Margrieta Jeltema’s profile on Ceramics Now Magazine – View her works
→ Read the interview with Margrieta Jeltema, Ceramic technique / Paperclay, May 2011
“After many years spent in writing, painting and etching , using reams of paper, I ended up working with porcelain. Although I like making “normal” cups and plates, tiles with fishes, birds and fountains, I like to experiment constantly and than, somehow, I find myself using the material like paper or trying to make it look like paper; printed on, incised and folded.
I am fascinated by the fragility but also the strength of this ceramic material and, perhaps due to the history of my journey through the world of art, I love to transfer the qualities of paper to this material to resemble paper, crumpled. covered with writing and folded, exploiting its transparency, its different surface qualities, its capacity to catch and preserve colors on the inside as well as on the outside , underneath and over its glossy, satin or mat skin.
I stretch it, paint it, fold it, going to the limits of its strength, fragility and transparency.
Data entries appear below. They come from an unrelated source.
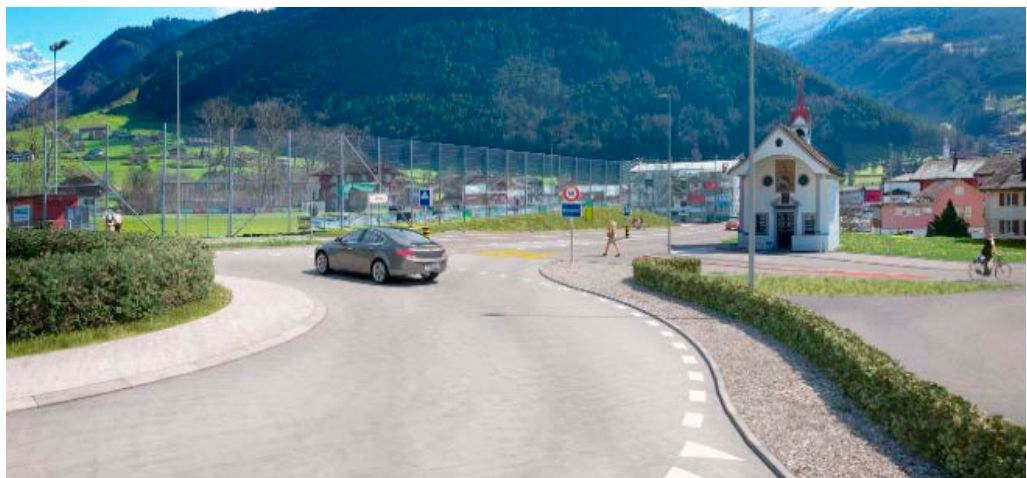
Ziel ist eine Verkehrs-entlastung von Schattdorf. Das wird mit dem dreiarmpigen Kreiselpunktschächten erreicht.

Ein vierarmiger Kreiselpunktschächten wäre machbar, allerdings braucht dieser erheblich mehr Land (Gefährdung Fussballplatz, Verlegung Kapelle, evtl. Gebäudeabbruch) und wäre damit viel teurer und in Anbetracht der Sicherheitsnormen nicht bewilligungsfähig.
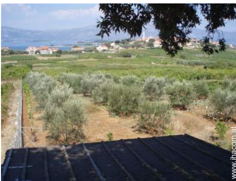
Blick auf Weinberge
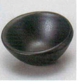
98-27-207 黒マットM型珍味 630円 6.5×3.4cm 12433203
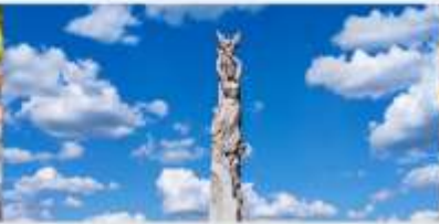
สวนประติมากรรมโลกฉางชุน
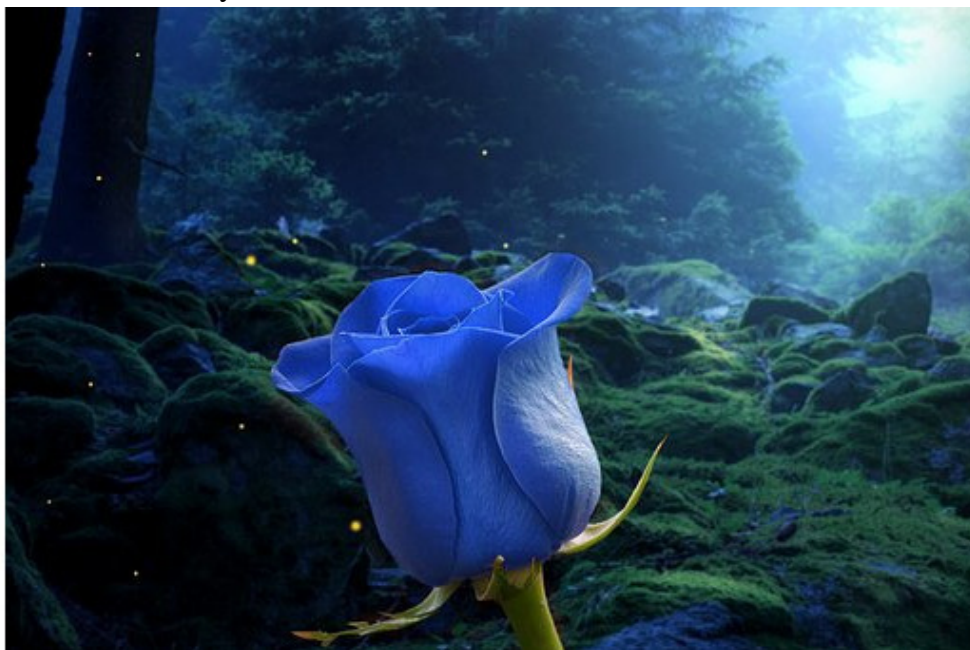
Рис. 1. Она в жизни была, как этот прекрасный и беззащитный цветок! И пусть издание этой книги будет, как цветы на ее могилу! И да успокоится ее душа! Аминь.

Создано в интеллектуальной издательской системе Ridero
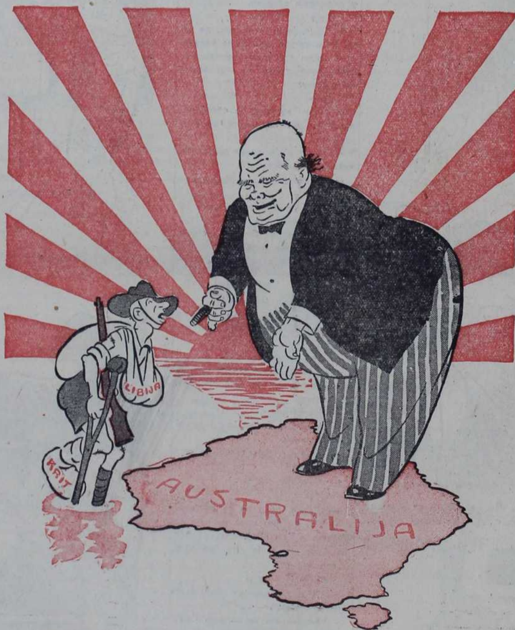
Черчил: — Драги пријатељу, пошто си толико ватрено желео да браниш своју земљу, ето, сада ти пружам могућност...

Адвокат: — Да вас суд не би исувише строго осудио, потребно је да вас огласимо за лудог.
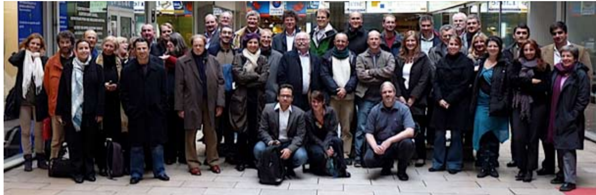
Groepsfoto van de conferentiegangers in Parijs

Op 19 en 20 oktober vond in Parijs een consortiumbijeenkomst plaats van het project DARIAH, Digital Research Infrastructure for the Arts and Humanities. Doel van het project is de bouw van een 'digitale werkbank' voor alfwetenschappers in Europa. Onderzoekers kunnen straks bij DARIAH terecht voor het vinden van data en tools, het archiveren van hun data, kennisuitwisseling en advies op het gebied van metadata en digitalisering.
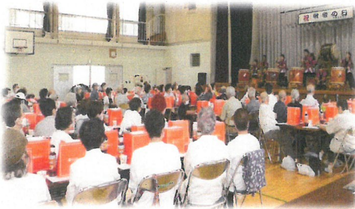
3年ぶりに再開された敬老祝賀会 (作新台自治会) 左と
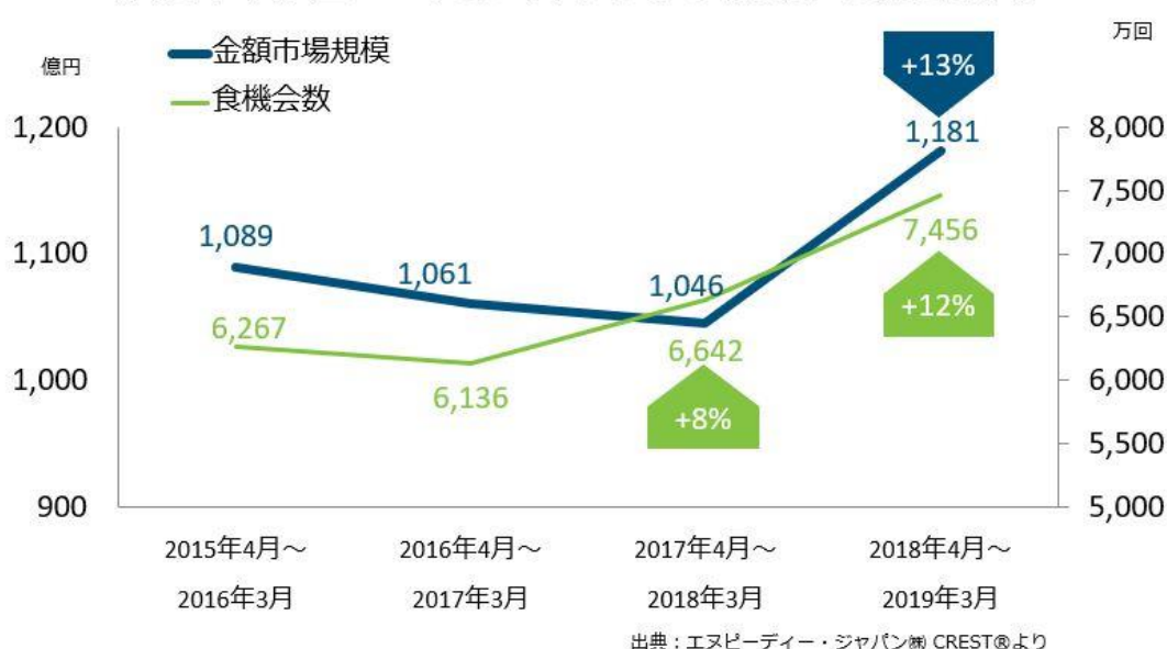
<図表1> 居酒屋におけるテイクアウト市場規模・食機会数推移

居酒屋におけるテイクアウトの市場規模、食機会数推移（図表1）をみると、直近1年（2018年4月～2019年3月）の市場規模は1181億円で、前年同期比13%増でした。客数にあたる食機会数は同12%増で、こちらは2年連続の大幅増となりました。
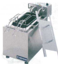
10 電気ゆで麺器 ENB-200
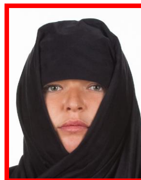
osoba z nakryciem głowy i twarzy
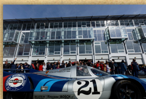
6 & 7 juillet

Pour compléter le spectacle sur piste, les Classic Days c'est aussi des animations, des activités tout au long du week-end : rallye touristique, exposition de véhicules, démonstrations de F1, protos, Avant-Guerre, village marchand ... et bien sûr la grande parade Autosur Classic !
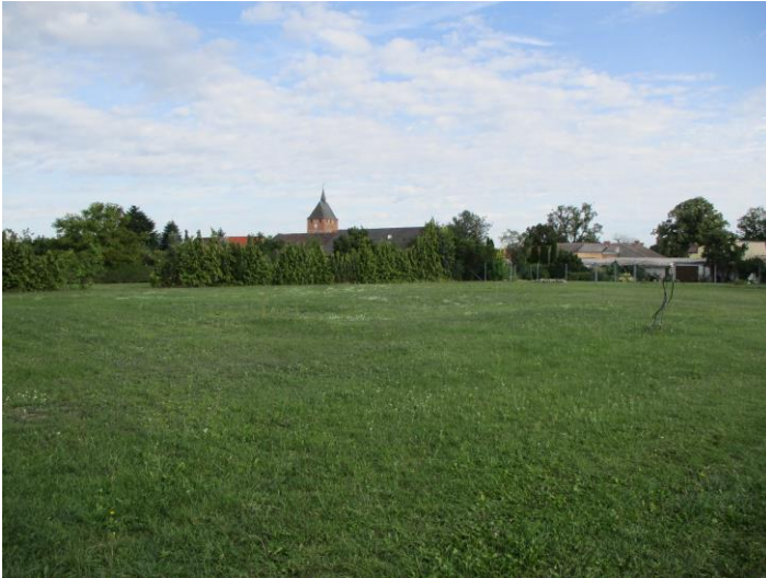
Foto 2: regelmäßig gemähte Frischwiese am nordwestlichen Rand des Plangebietes
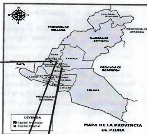
MAPA DE LA PROVINCIA DE PIURA
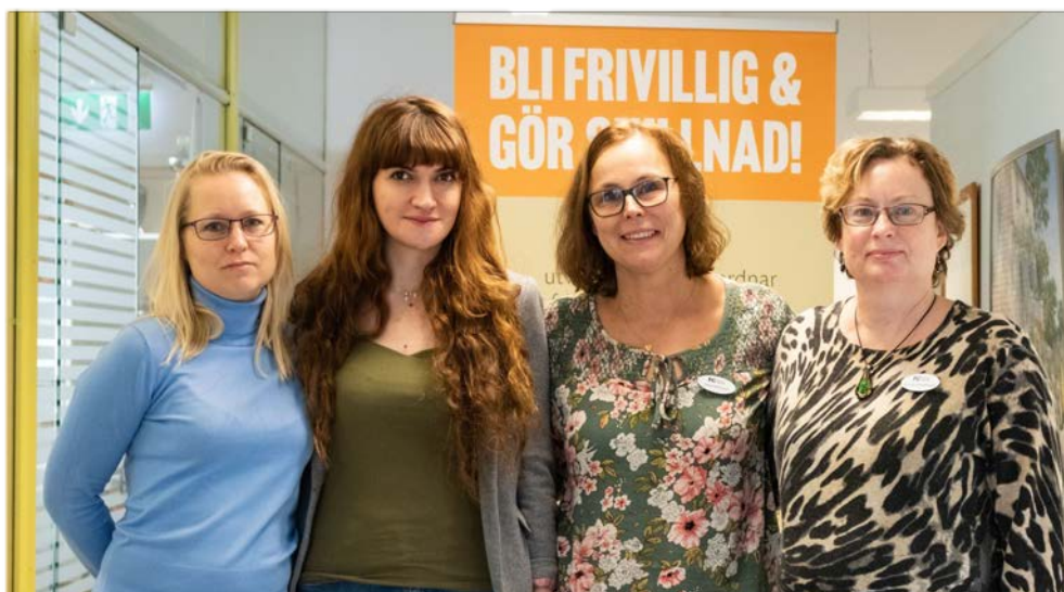
Personal och frivilliga på frivilligcentralen
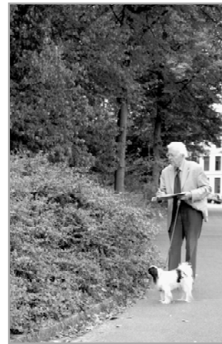
Auteur Kremer maakt aantekeningen over de Vuurdoorn

In Hoofdstuk 2 gaat J.Kremer uitvoerig en minutieus in op de bomen en andere planten in het park. Zijn liefde voor de
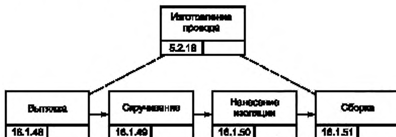
Рисунок В.6 — Процесс изготовления проводов изделия GT-350 [5]

Набор проводов изделия GT-350 изготавливают как сборочный агрегат изделия GT-350. Технологический процесс организуют в цехе проводов и кабелей.
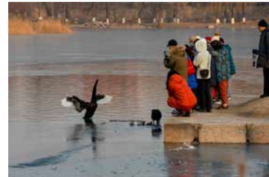
人与自然
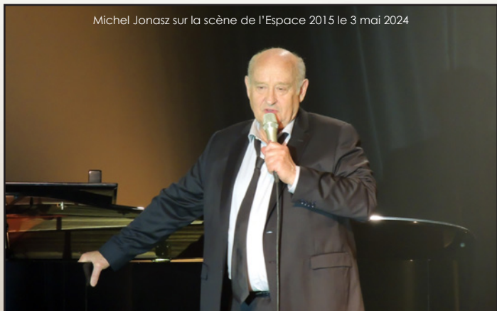
Michel Jonasz sur la scène de l'Espace 2015 le 3 mai 2024
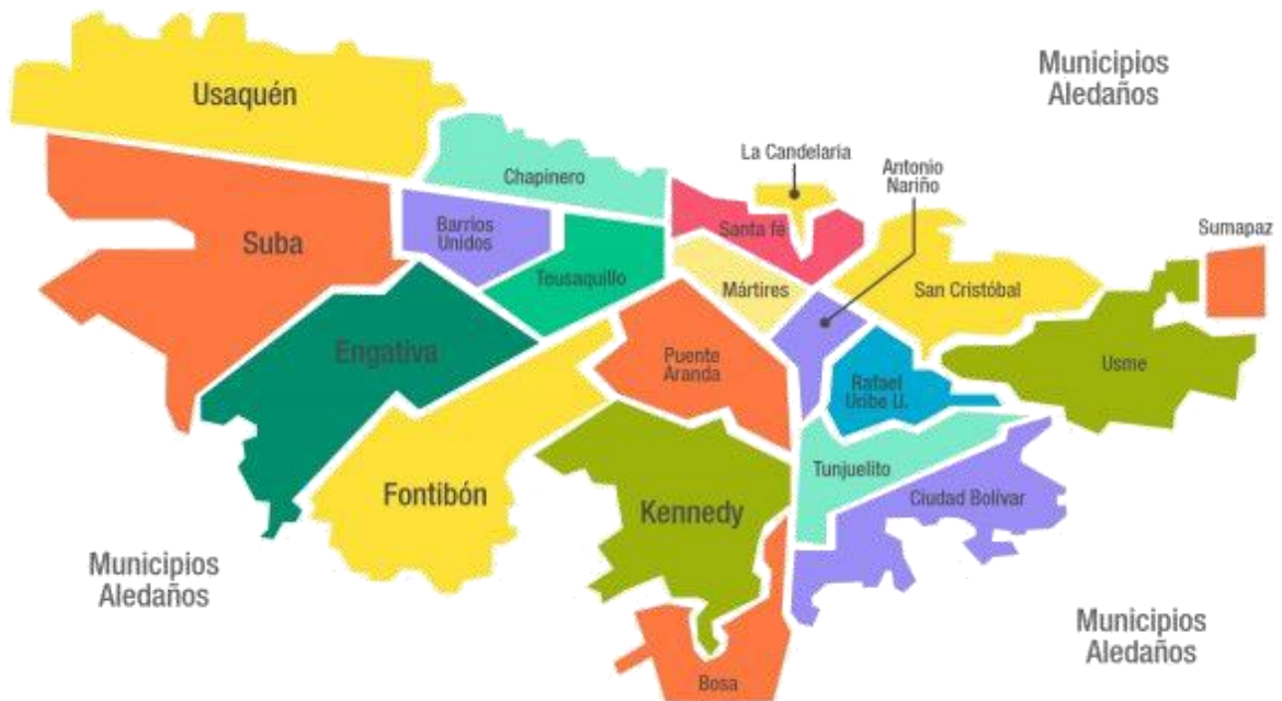
IMAGEN 1. ÁREA DE PRESTACIÓN DEL SERVICIO ARPAL

El área de prestación en la ciudad de Bogotá corresponde al área urbana del mismo, la cual se encuentra dividida en 20 macro rutas, las cuales son realizadas con vehículos, recicladores de oficio y operarios. En el caso de las micro rutas son realizadas por los recicladores con una frecuencia diaria los 7 días de la semana.
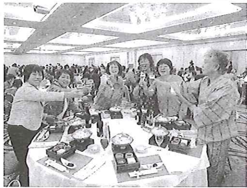
新潟県チームの夕食会

『民商に入会して五年目です。主人はタイル工事一人でやっています。市税と国保の滞納で民商に入会し、事務局や婦人部の役員さんにお世話になったので私ができることはお手伝いさせていただけよう」と商工新聞の配達や集金をしています。みなさんから協力頂きながら、新潟民商婦人部長と県婦協副会長を務めさせていっています』と自己紹介すると感心の声。県知事選挙勝利報告でも『立候補したのは告示の六日前。民進党は自主投票。そんな状況で六三〇〇〇票の大差をつけて圧勝！原発再稼働は認めない・県民の揺るがない意志が明確に示された選挙でした』に会場はどっと沸きました。JA女性協との県議会への共同請願は難しい、県議会は継続審議となりましたが、共産党議員以外にも広がりを見せ、行動すれば道は開けると確信した事。婦人部三役・支部長が協力し、五〇名の仲間が増えた事も報告できました。ありがとうございました。

And it often leaves me in desperation because of its fragility. It leaves me breathless with the feeling of happiness to see its fragile intensity.
For years I worked as an artist in the BKR, the Dutch Government Work agreement for artists before going abroad with my husband and three boys. At the same time I studied biology and philosophy at the University of Wageningen in the Netherlands and followed etching courses in Amsterdam, bronze casting (lost wax) in Wageningen [with Ben Joosten] drawing from models at the Art Academy Minerva in Groningen.
My work (ceramics, etchings, paintings, art books, photographs) is displayed in various public places in Netherland, Spain, Chile, Korea, Australia, Portugal and Italy.
I published poetry, short stories and translations on the literary review “Hollands Maandblad“ Poetry was published by Cadans as ‘Carthago in het Middaglicht’.
I currently live and work near Milan (Italy).” Margrieta Jeltema
Visit Margrieta Jeltema’s website.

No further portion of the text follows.